October 28, 2020

The western changes skin | Babelia


A discreet mutation of the Western arises in contemporary cinema that questions, once again, the hackneyed stories that the quintessential American genre usually conveys, even in its most revisionist and twilight version. Young female directors like Annie Silverstein —with Bull (Friendship in the ring), released this week in streaming without going through theaters— and Chloé Zhao —with The Rider, which will be added this month to the Filmin catalog– they bring these stale conventions closer to today’s social reality, irrigating them with concerns of identity politics. The two directors have a lot in common. Both were discovered in recent editions of the Cannes Festival with films that take place on the current rodeo circuit, filmed with a clear documentary zeal and starring malefic characters in the canonical stories: a cowboy African American, in the case of Bull, and another that is Native American, in The rider.
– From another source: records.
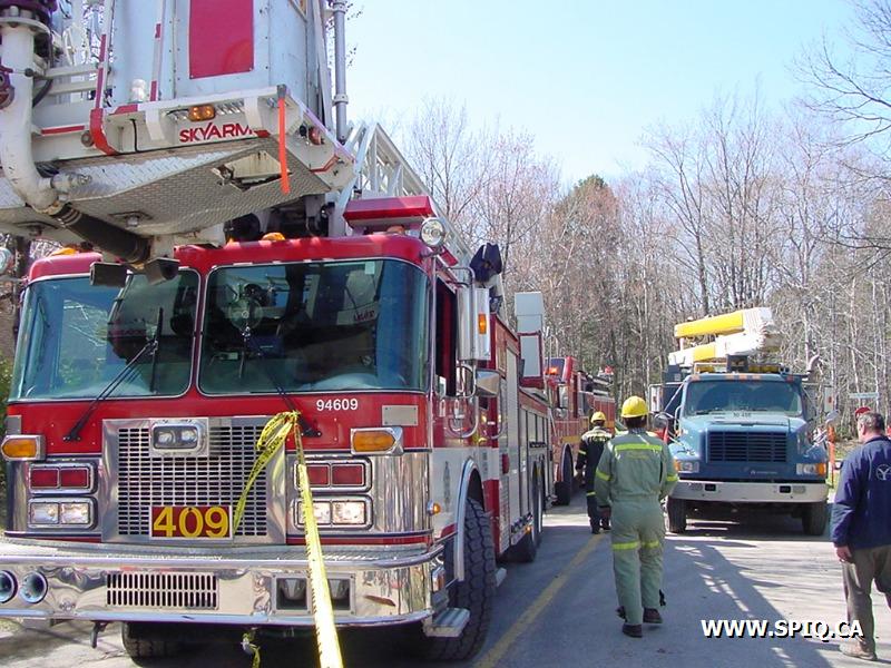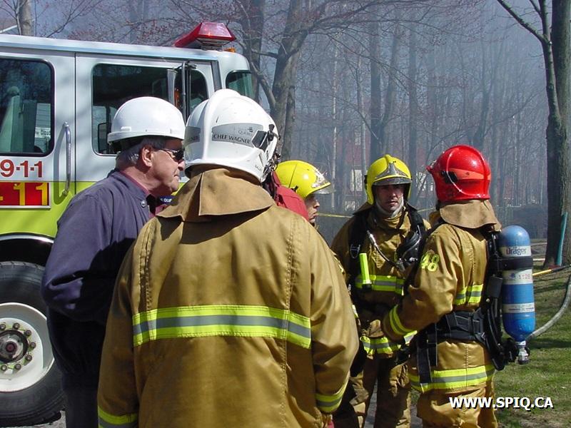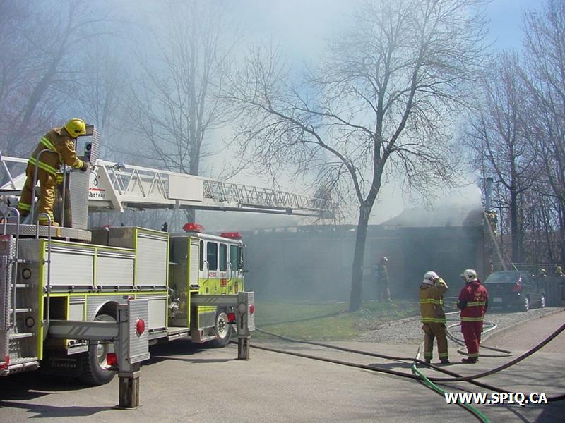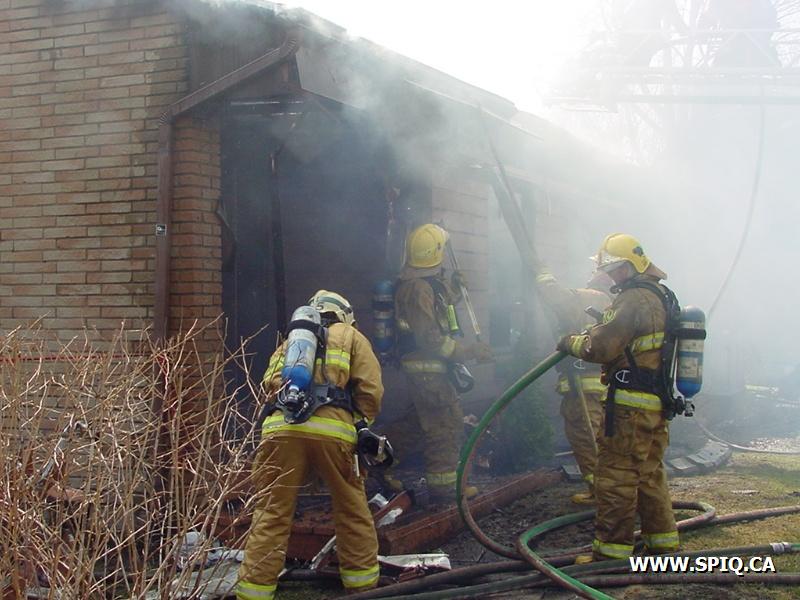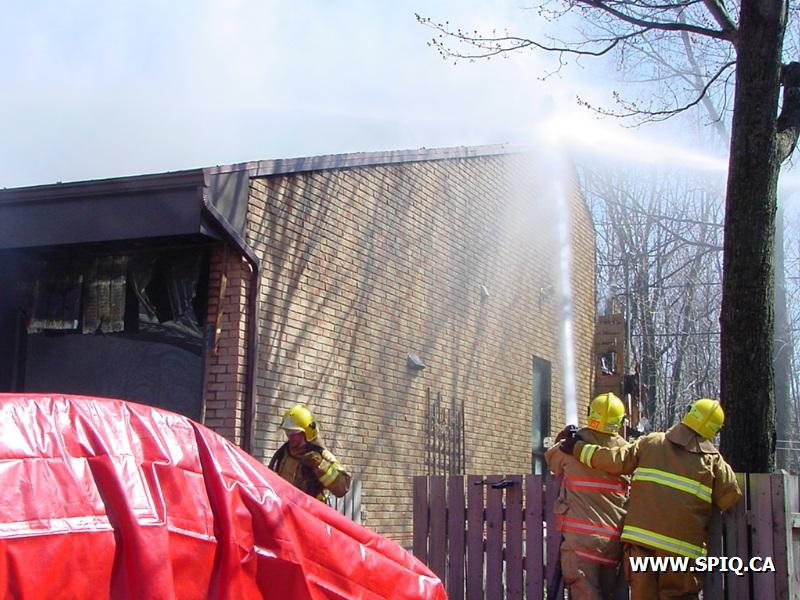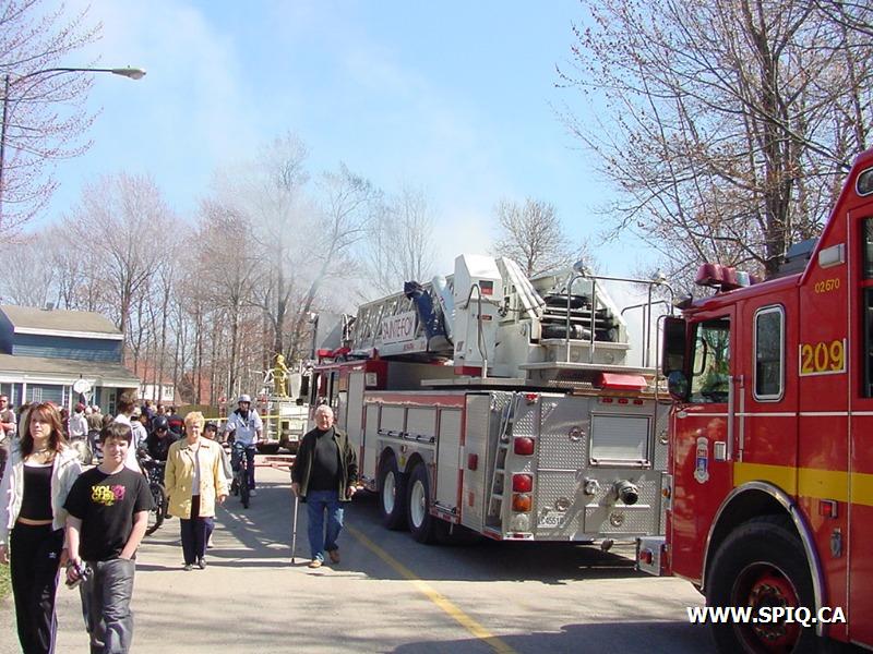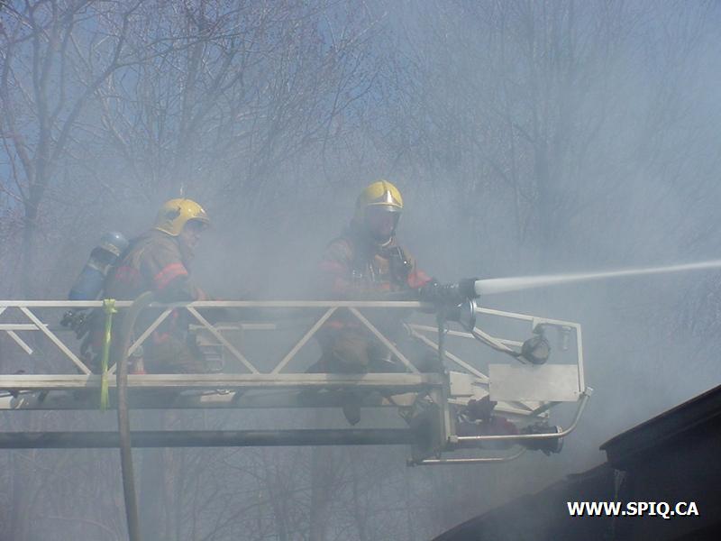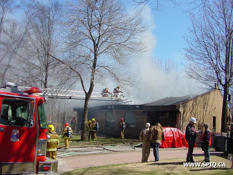 Violent incendie dans la toiture d'un jumelé: dès la réception de l'appel, le 1105 rapporte une colonne de fumée dans le ciel visible de l'autoroute de la Capitale. Un pompier en congé passant par là confirme à la centrale que le feu est éclaté dans la couverture des deux unités du jumelé et qu'on ne sait pas s'il y avait encore quelqu'un à l'intérieur: avec ces détails, le 1105 demande la 2ème alarme, ce qui est confirmé par le 131.
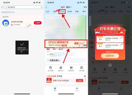 【支付宝领多张高德打车立减券】支付宝搜索“消费券”进入,再搜索“支付宝打车”领高德3~8元打车券,支付宝首页“出行”进入顶部“打车”点击横幅领取2~10元打车券
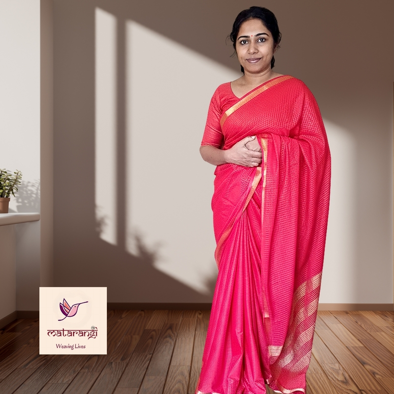 Matarangi Red Viscose Crepe Checked Pattern Saree
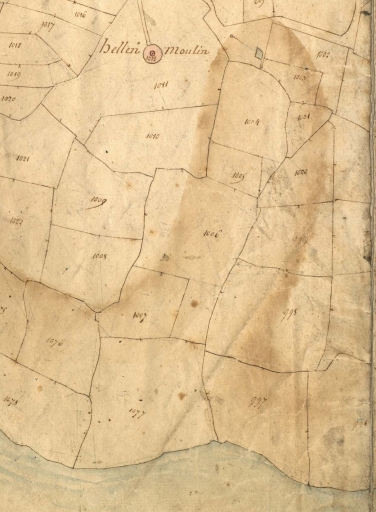 Extrait du cadastre de 1819 : le moulin du Hellen, section B 1012 (AD 22)Immatriculation
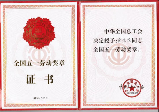2023年官生花获“全国五一劳动奖章”
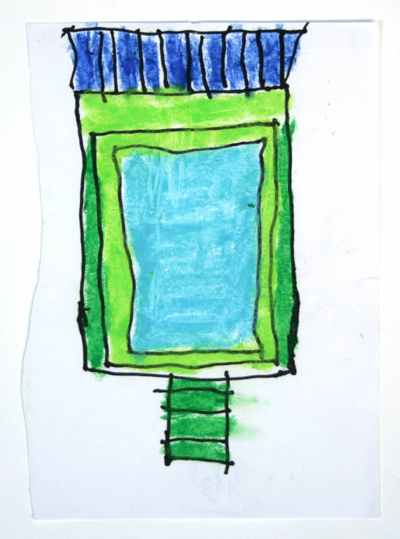 disegno a tecnica mista: pastelli a cera colorati e pennarello nero su carta bianca. Colore: celeste, azzurro, verde chiaro e scuro. Soggetto: studio decorativo. Foglio tagliato con andamento curvilineo, sul lato sinistro.
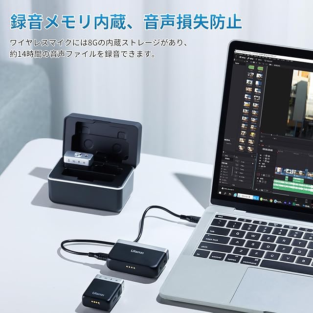【パワフルなバッテリー持続時間&最大20時間+持続】 内蔵の充電ケースデザインにより、充電と収納を両立させ、屋外で長時間録音時のバッテリー持続に安心を提供します。 Ulanziの実験室テストによると、レシーバーは約6時間動作可能で、トランスミッターは約14時間動作可能です。電力が消耗された後、充電ケースに入れて充電することができ、充電が完了すると6〜14時間継続して作業することができます。更に、受信機が充電しながら収録できます。充電ケースの電力が尽きるまで、総合的なバッテリー持続時間は20時間以上に達します。
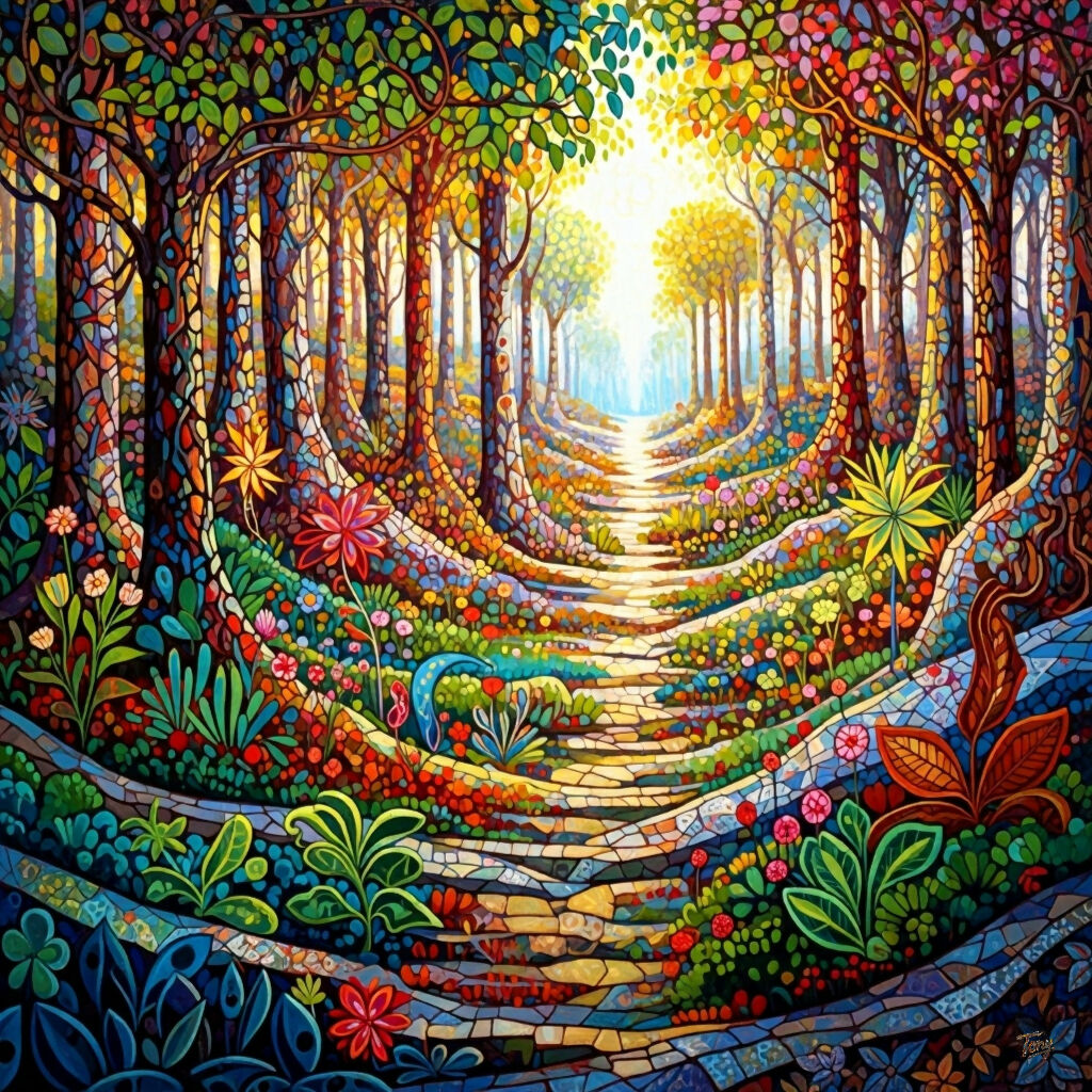 This painting depicts a vibrant, mosaic-style forest path leading toward a brilliant light source in the distance. The trees are composed of countless small, multi-colored shapes, with trunks and branches that twist and curve in whimsical patterns. The leaves are a kaleidoscope of warm and cool tones, from vivid greens and yellows to deep reds and purples.
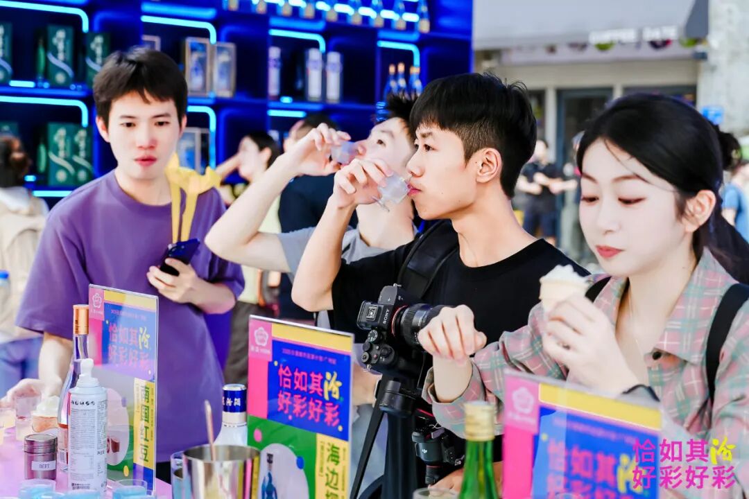 以青花汾酒為基酒的特調(diào)雞尾酒吧臺前,更是人頭攢動,年輕人手捧“海邊探戈”“南國紅豆”等特調(diào)創(chuàng)意飲品,在微醺中暢聊,構(gòu)成了永慶坊的生動一景,讓行業(yè)感慨,汾酒正在“沉浸式、體驗式”圈粉年輕世代。
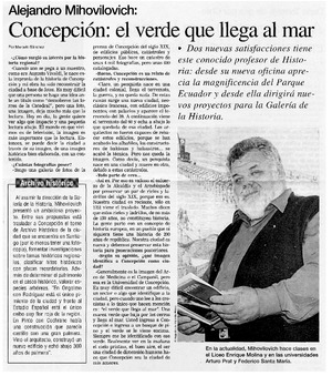 Concepción: el verde que llega al mar : [entrevista] [artículo] / Marcelo Sánchez. El Sur (diario : Concepción, Chile)-- ene. 28, 2003, p. 9. retr. .

The two directors distance themselves from the narrative arc of the Westerns of the last century to approach other types of tropes, those of the initiation story tinged with dirty realism. Bull It focuses on the relationship between a troubled preteen and her neighbor, a black rider and with her body in the latter, who stubbornly clings to the world of competition because she has no other destination to hold on to. The rider also talks about a cowboy wounded: a young promise who lives in a Sioux reservation in South Dakota, forced to retire early after a fall that could have been fatal, although she continues to dream of the day when she will be allowed to return to the ring. In both cases, the relations of domination have a more economic than racial root: whites, blacks and Indians, to use the classic terminology, coexist in decadent landscapes, act before semi-empty bleachers and survive in the same way regardless of their skin color.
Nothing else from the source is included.